* **Available data**
◆ ◆ ◆ ◆ ◆

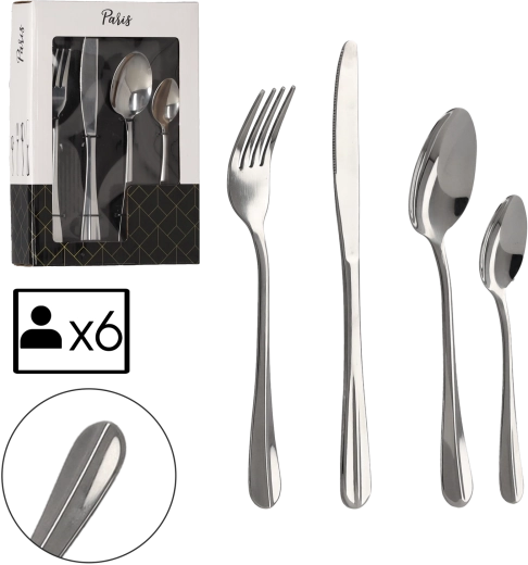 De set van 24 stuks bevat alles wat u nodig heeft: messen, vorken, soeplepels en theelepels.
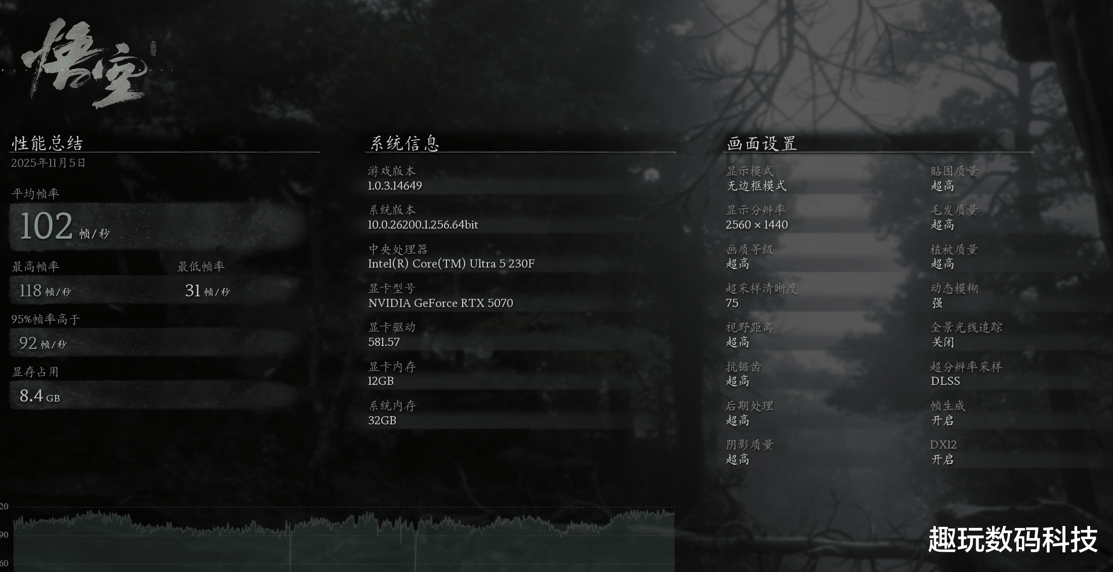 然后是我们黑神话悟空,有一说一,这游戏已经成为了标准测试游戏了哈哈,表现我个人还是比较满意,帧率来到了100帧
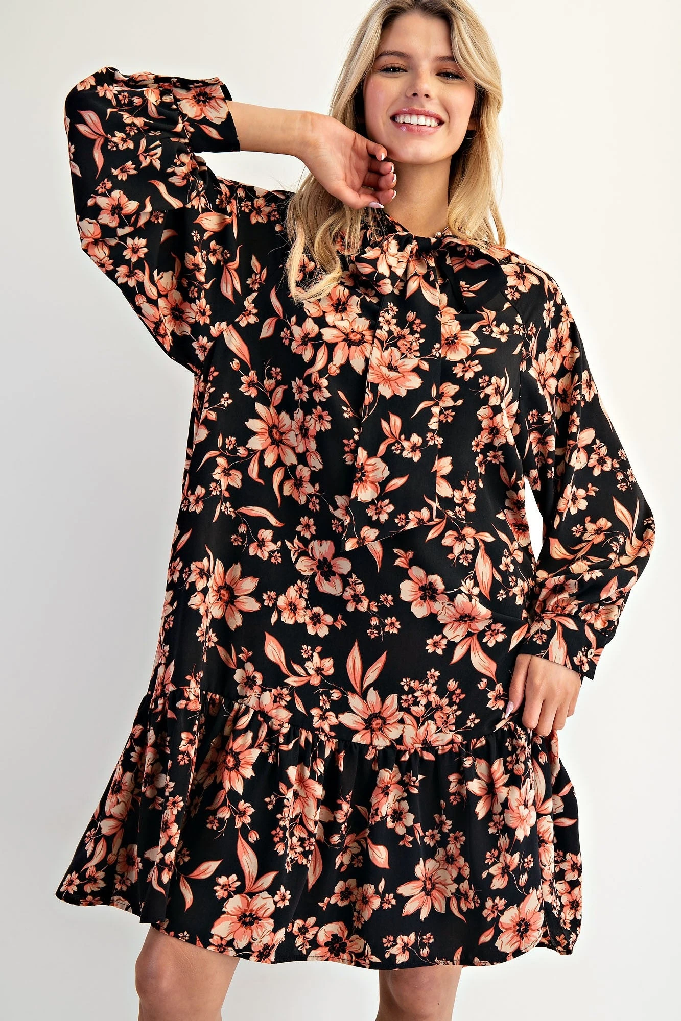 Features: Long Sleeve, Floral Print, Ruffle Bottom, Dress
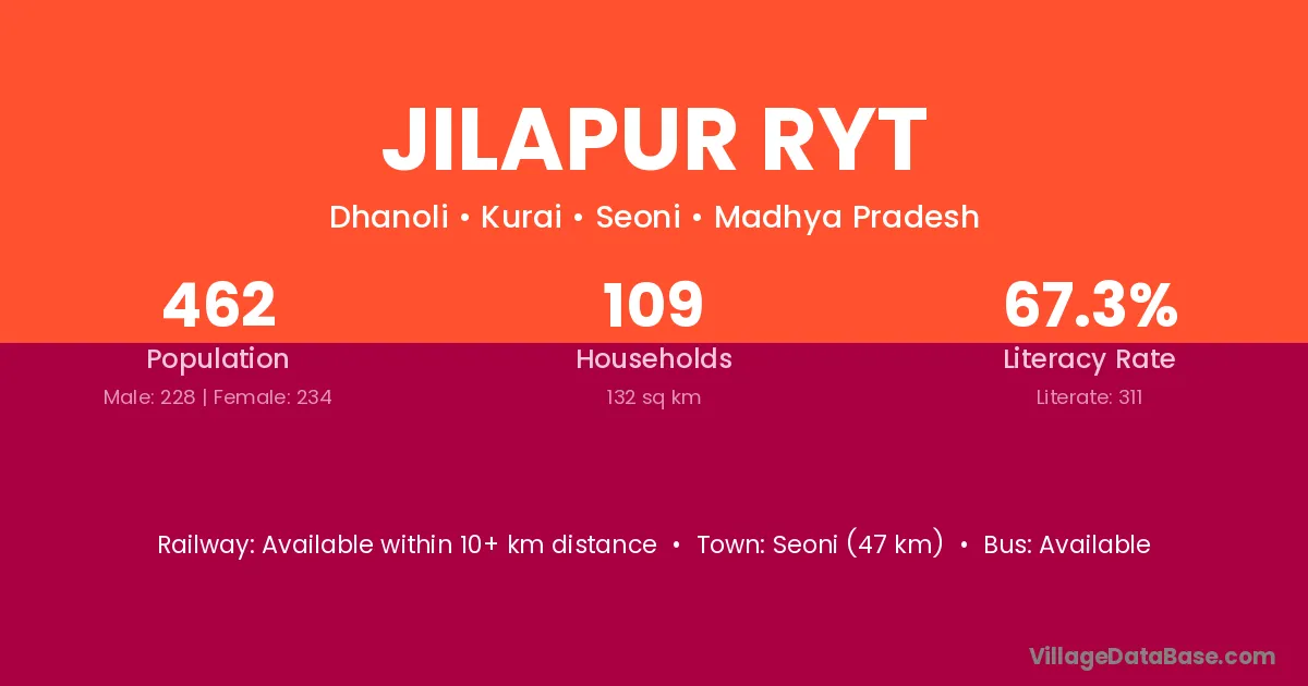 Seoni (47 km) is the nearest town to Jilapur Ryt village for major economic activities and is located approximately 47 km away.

◆ ◆ ◆ ◆ ◆

The answer must be the whole listing, word for word, with no pictures in it. Please write it out.

* **Response box**
 De set van 24 stuks bevat alles wat u nodig heeft: messen, vorken, soeplepels en theelepels.
 然后是我们黑神话悟空,有一说一,这游戏已经成为了标准测试游戏了哈哈,表现我个人还是比较满意,帧率来到了100帧
 Features: Long Sleeve, Floral Print, Ruffle Bottom, Dress
 Seoni (47 km) is the nearest town to Jilapur Ryt village for major economic activities and is located approximately 47 km away.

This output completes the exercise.